Details of the accident were provided to Gardaí. A Garda spokesman said there was “nothing untoward” about the incident, which he said resulted from a “truck clipping a pillar”.

The spokesman said all details have been provided to the Guardian of the Friary.

According to a history of building, “The precise date of foundation of the Franciscan Friary in Ennis is unknown but it is likely to have been in existence by 1250.

“The nearby residence of the O’Brien kings of Thomond at Clonroad probably attracted the friars to the site and the O’Brien’s were its chief patrons throughout the medieval period.
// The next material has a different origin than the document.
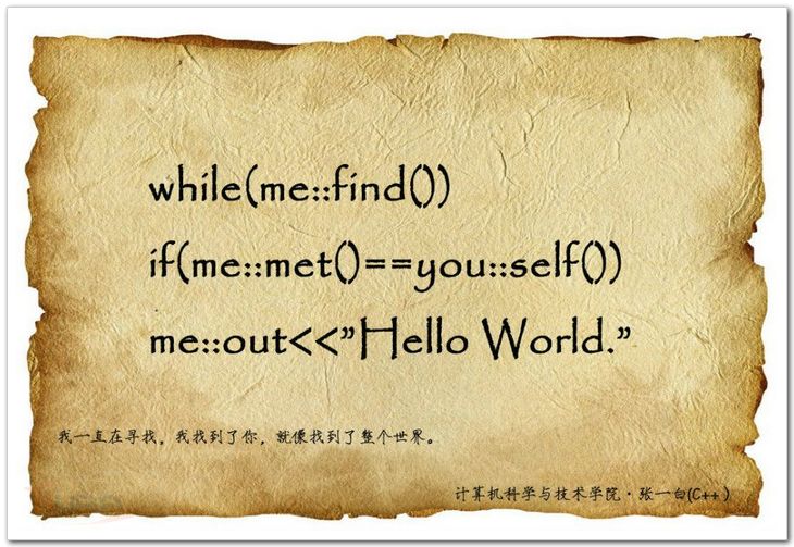 String me=“hello,world!”; While(life~~){me=“???”;} Me=“世界,你好!”; 即使一生备受质疑,相信程序猿也终会塑造新的自己。
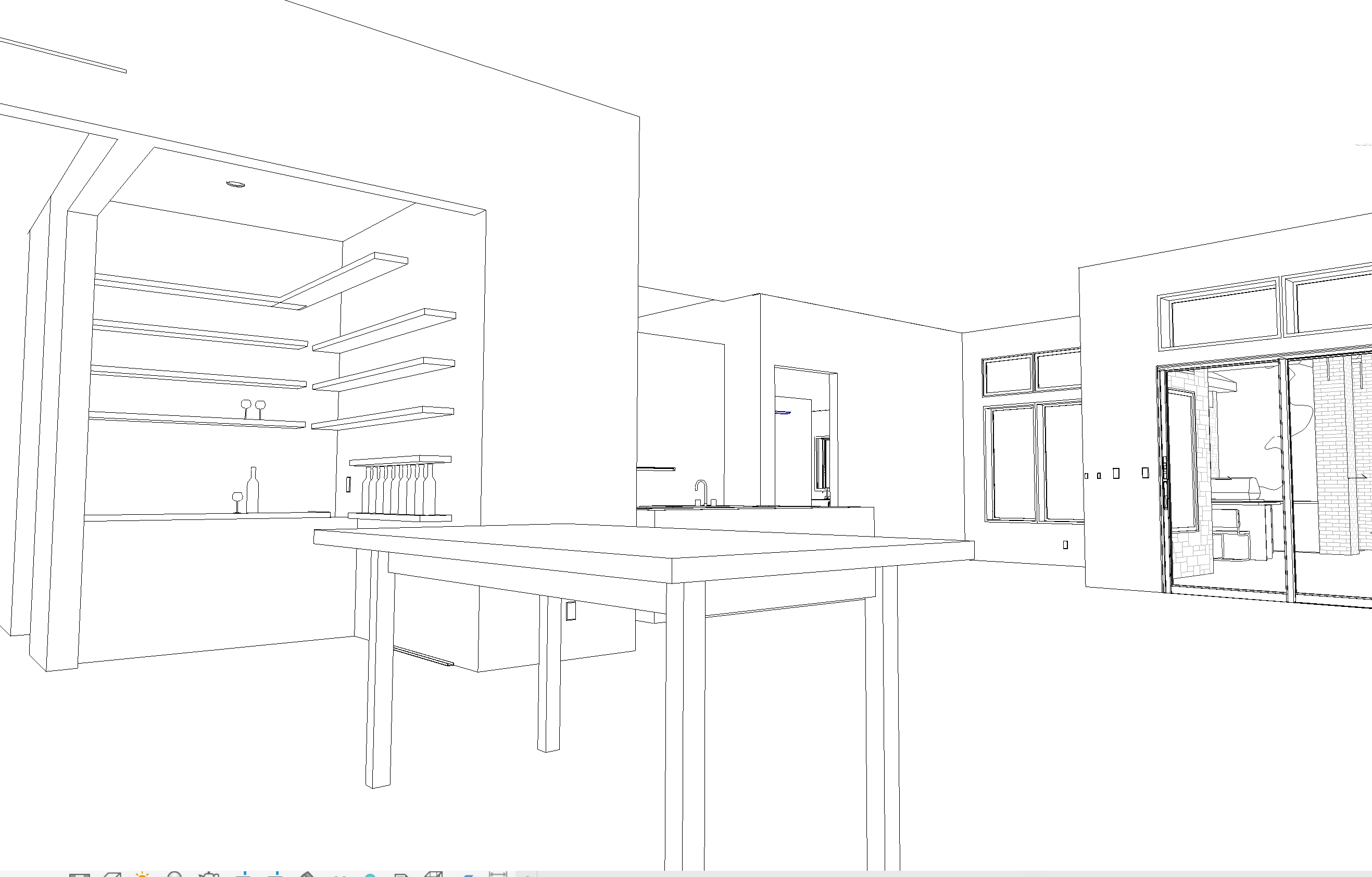 interior elevation with rustic beams over dining table with a round iron and cryla hanging light glass wine room

“The first substantial friary buildings were constructed on an island in the late thirteenth century under the patronage of Toirdhealbhach O’Brien who died in 1306 and may have been buried there.”

A new chapel was opened in Bow Lane in 1830 and the present friary at Willow Bank House was obtained in 1856. The friary church was officially opened on 11 June 1892. The present friary is the Novitiate house for the Irish and British Provinces of the Franciscans.